Repeat nothing but the lines below running from the one containing "مدیرکل حفاظت محیط" to the one containing "Elegant Rose Pink". Keep both end lines.

#### Supplied material
##############################
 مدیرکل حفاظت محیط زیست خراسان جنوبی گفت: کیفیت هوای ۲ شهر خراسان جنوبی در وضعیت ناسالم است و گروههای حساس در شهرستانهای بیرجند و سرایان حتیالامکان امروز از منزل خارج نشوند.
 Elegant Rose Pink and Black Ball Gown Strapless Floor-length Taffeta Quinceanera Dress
##############################
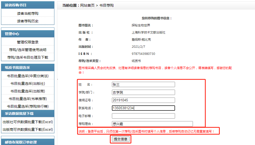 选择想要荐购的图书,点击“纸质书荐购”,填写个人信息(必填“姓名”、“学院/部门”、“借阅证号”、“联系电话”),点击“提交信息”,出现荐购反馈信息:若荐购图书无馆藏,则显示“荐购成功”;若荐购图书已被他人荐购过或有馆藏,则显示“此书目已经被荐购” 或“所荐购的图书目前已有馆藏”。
##############################
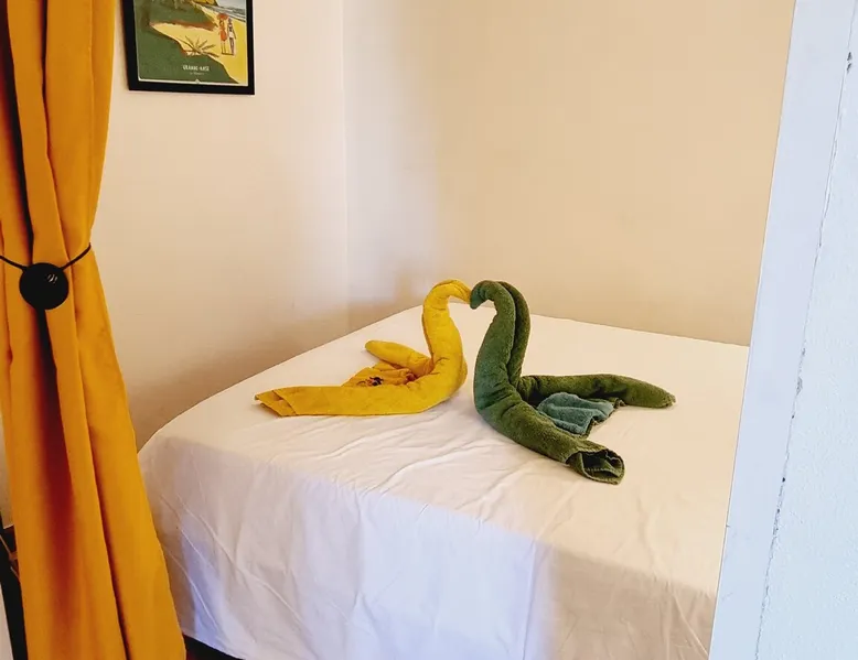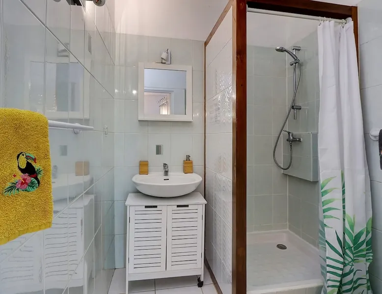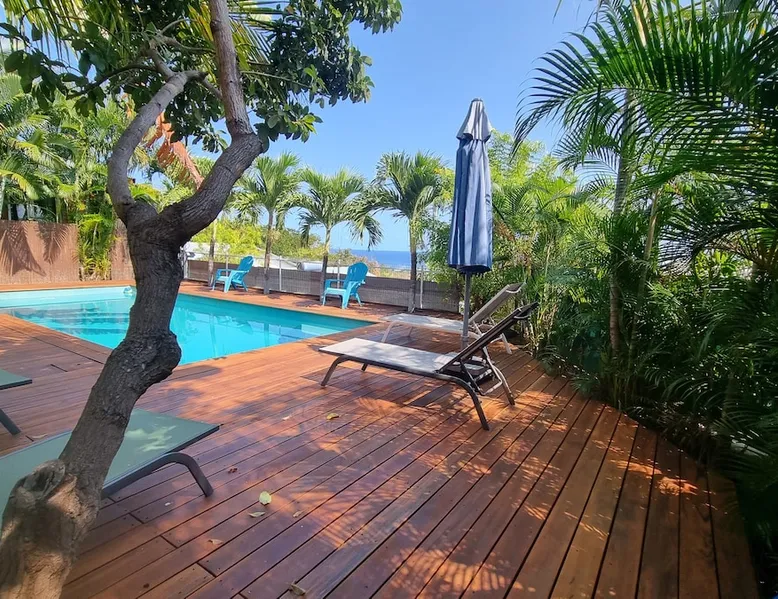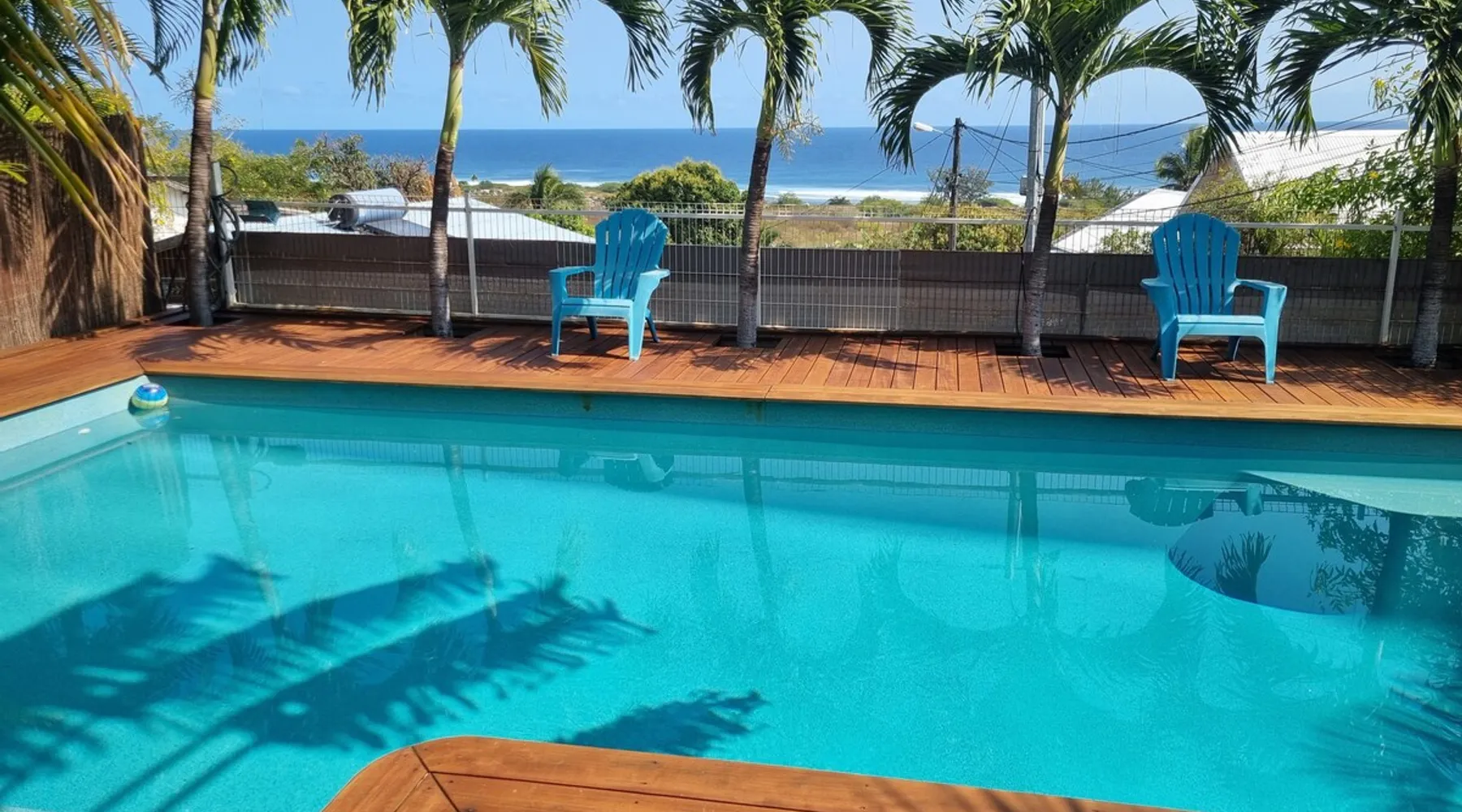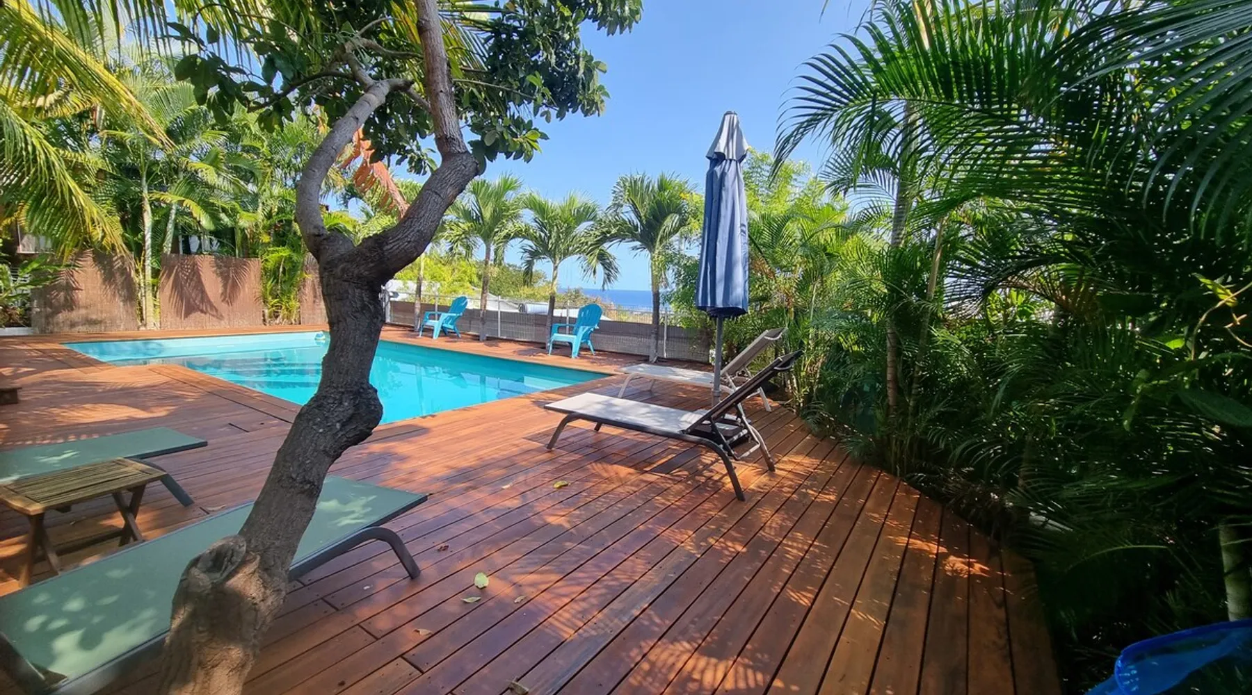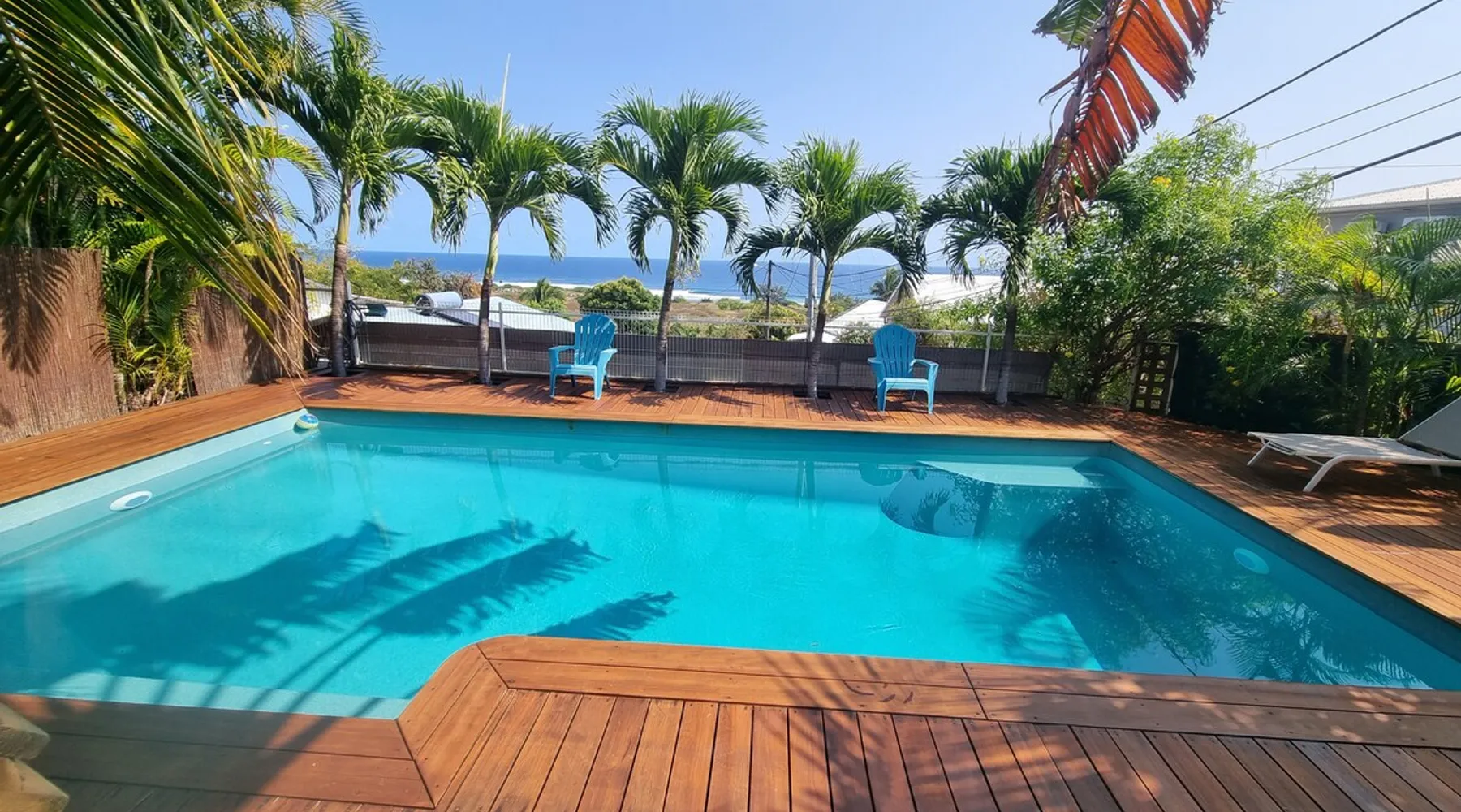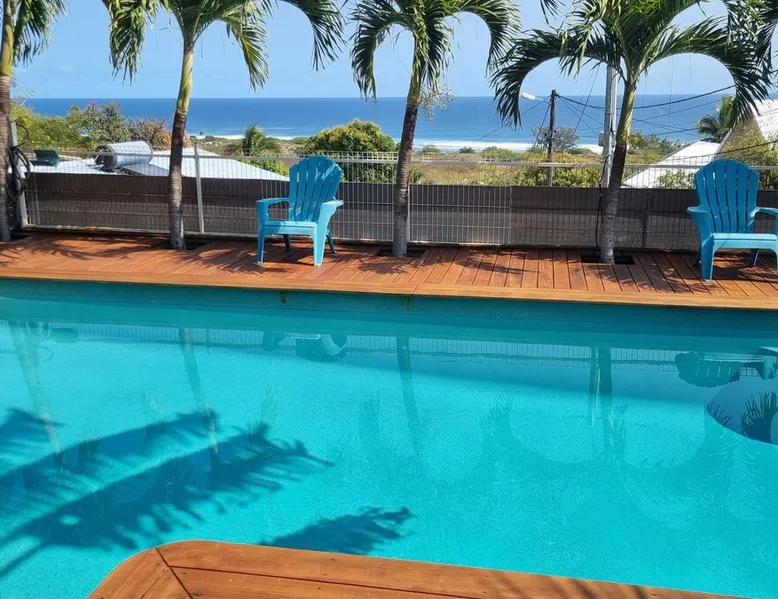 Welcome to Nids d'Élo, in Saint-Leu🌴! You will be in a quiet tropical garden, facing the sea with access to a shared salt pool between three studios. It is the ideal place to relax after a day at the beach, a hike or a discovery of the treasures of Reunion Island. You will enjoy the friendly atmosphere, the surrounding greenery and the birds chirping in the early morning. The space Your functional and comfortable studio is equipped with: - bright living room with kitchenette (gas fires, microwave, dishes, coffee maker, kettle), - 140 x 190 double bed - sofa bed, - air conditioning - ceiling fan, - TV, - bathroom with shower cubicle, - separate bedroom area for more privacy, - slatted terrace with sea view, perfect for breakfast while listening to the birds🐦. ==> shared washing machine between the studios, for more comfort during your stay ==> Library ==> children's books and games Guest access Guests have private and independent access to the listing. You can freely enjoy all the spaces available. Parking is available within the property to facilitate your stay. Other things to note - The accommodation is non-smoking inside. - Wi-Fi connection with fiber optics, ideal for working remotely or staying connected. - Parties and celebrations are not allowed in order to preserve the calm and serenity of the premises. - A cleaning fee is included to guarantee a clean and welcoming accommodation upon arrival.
##############################
#### Response to the task
 مدیرکل حفاظت محیط زیست خراسان جنوبی گفت: کیفیت هوای ۲ شهر خراسان جنوبی در وضعیت ناسالم است و گروههای حساس در شهرستانهای بیرجند و سرایان حتیالامکان امروز از منزل خارج نشوند.
 Elegant Rose Pink and Black Ball Gown Strapless Floor-length Taffeta Quinceanera Dress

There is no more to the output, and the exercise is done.